▶ _Work to be completed_
Scan the records below for the line containing "初年度登録 | H29年8月 |" and the line containing "Κάτι ανάλογο έγινε". Copy both, plus every line between, exactly.

BEGIN Data section

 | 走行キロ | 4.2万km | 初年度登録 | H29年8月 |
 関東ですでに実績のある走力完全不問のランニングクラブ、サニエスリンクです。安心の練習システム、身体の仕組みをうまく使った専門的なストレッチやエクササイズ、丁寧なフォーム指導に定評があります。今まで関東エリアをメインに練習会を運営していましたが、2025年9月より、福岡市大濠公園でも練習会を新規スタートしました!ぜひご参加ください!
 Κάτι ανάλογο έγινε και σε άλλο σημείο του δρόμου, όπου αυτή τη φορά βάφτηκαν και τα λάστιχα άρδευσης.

END Data section
BEGIN Data section

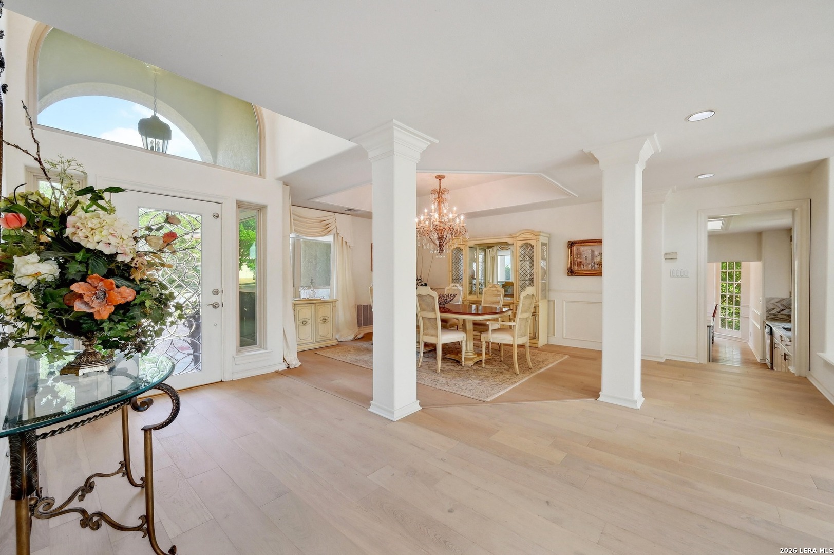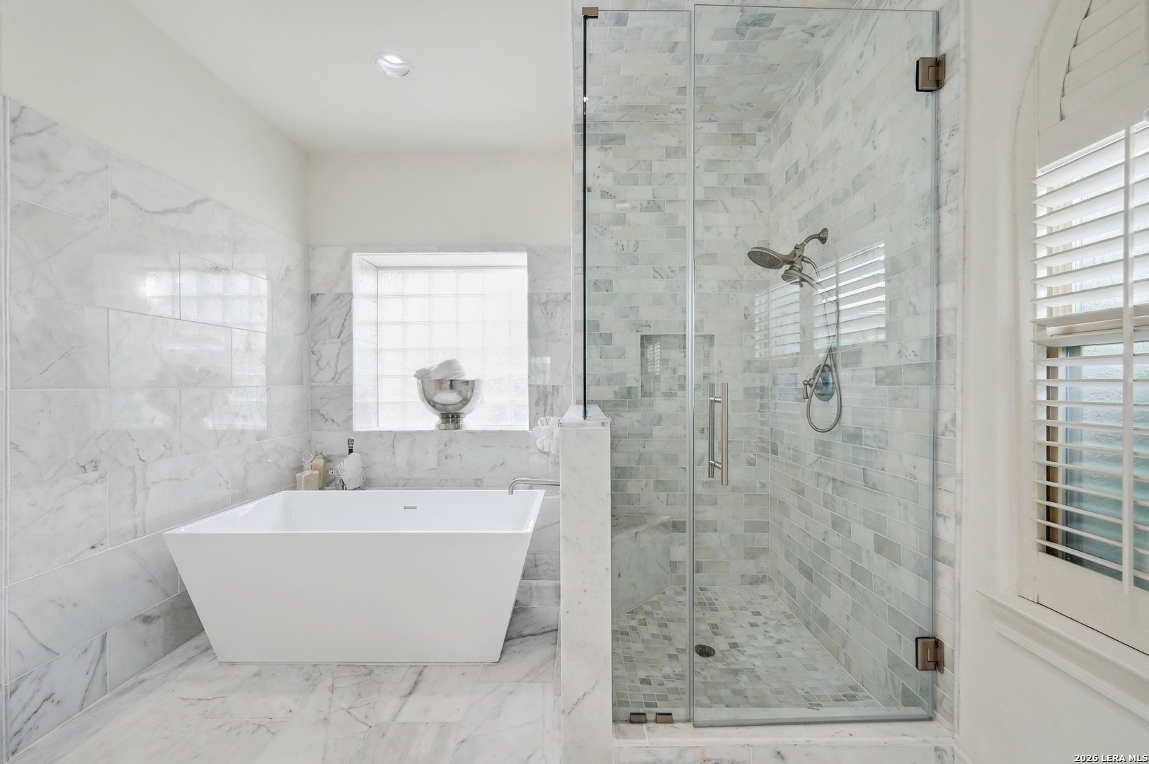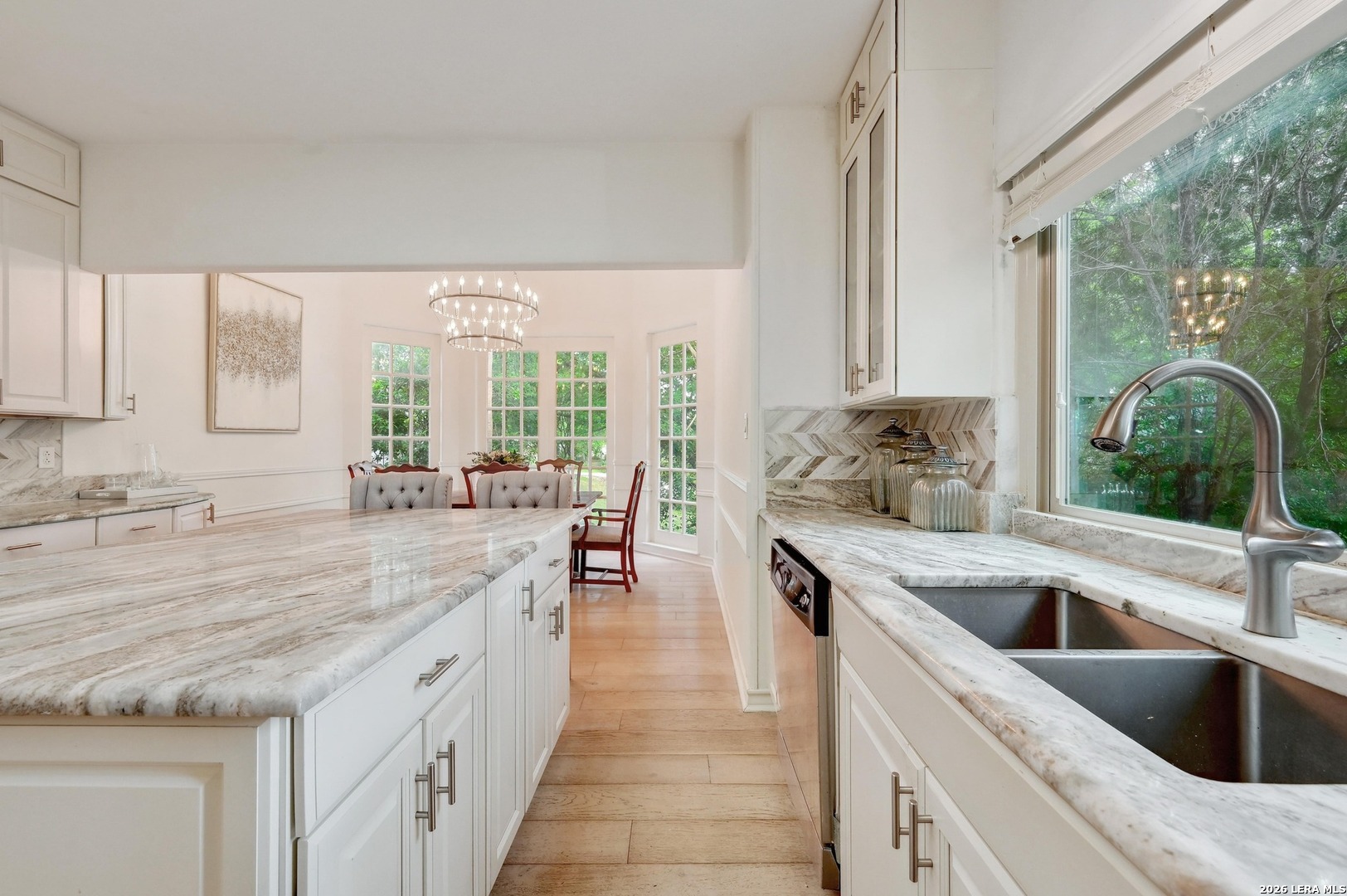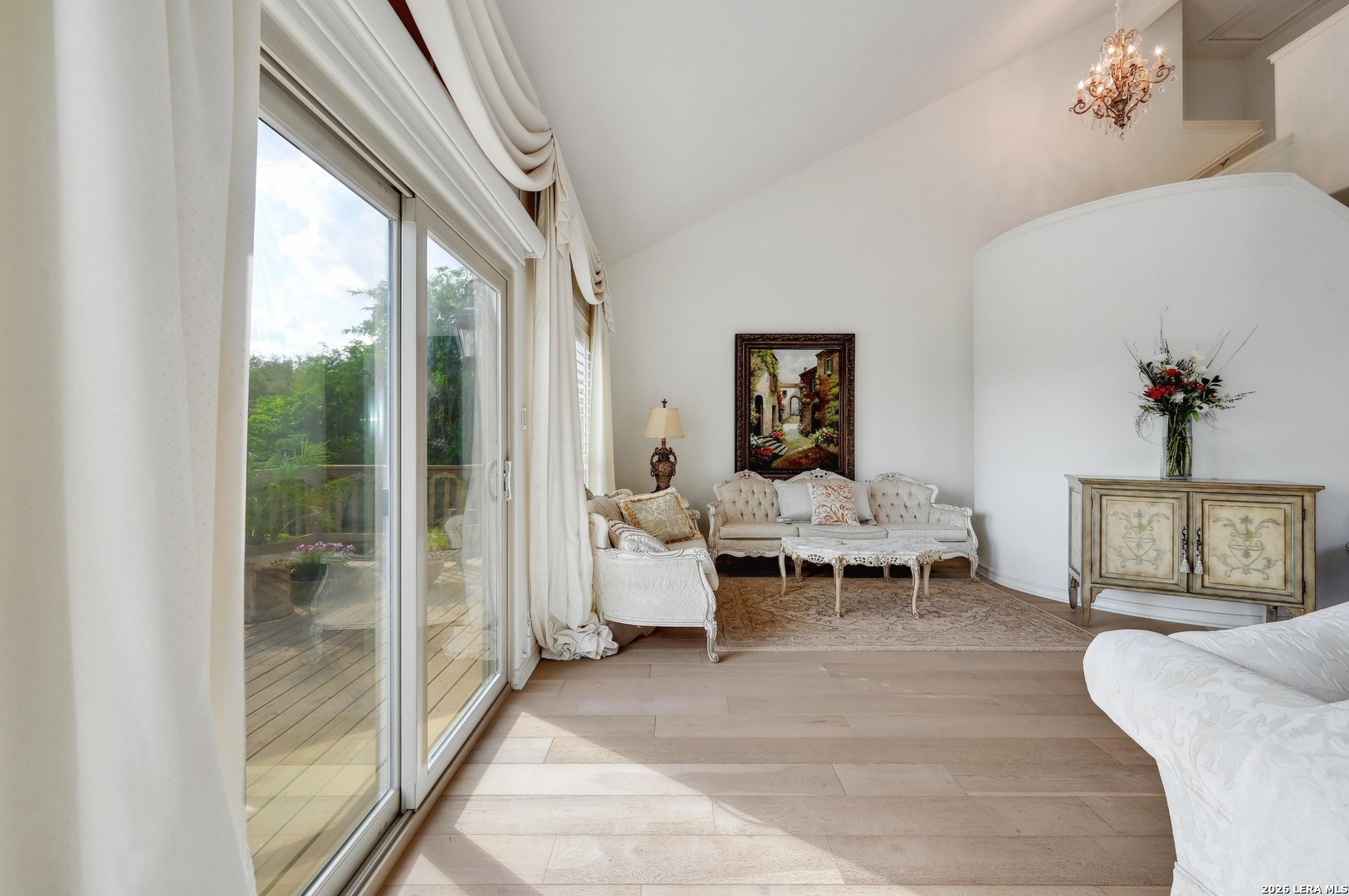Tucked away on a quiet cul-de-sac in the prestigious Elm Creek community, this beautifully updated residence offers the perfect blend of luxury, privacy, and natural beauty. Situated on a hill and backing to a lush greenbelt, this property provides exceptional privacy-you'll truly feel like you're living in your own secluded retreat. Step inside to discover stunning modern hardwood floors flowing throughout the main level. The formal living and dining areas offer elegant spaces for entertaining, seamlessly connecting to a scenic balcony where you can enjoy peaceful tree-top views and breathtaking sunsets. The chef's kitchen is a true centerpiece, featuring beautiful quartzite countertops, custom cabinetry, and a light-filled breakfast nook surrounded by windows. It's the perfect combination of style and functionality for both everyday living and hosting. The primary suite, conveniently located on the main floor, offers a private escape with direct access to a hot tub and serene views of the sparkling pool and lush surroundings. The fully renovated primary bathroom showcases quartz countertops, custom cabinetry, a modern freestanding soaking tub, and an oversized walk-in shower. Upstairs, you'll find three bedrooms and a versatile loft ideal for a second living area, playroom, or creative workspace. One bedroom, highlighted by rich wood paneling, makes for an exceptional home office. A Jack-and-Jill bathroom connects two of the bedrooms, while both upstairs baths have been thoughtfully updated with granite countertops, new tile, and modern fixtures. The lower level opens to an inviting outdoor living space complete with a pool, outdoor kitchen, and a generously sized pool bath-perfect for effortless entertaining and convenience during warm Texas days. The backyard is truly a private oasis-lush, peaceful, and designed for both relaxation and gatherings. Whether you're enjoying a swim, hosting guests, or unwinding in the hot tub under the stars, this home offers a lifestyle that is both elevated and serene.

END Data section

▶ _Response to the task_
 | 走行キロ | 4.2万km | 初年度登録 | H29年8月 |
 関東ですでに実績のある走力完全不問のランニングクラブ、サニエスリンクです。安心の練習システム、身体の仕組みをうまく使った専門的なストレッチやエクササイズ、丁寧なフォーム指導に定評があります。今まで関東エリアをメインに練習会を運営していましたが、2025年9月より、福岡市大濠公園でも練習会を新規スタートしました!ぜひご参加ください!
 Κάτι ανάλογο έγινε και σε άλλο σημείο του δρόμου, όπου αυτή τη φορά βάφτηκαν και τα λάστιχα άρδευσης.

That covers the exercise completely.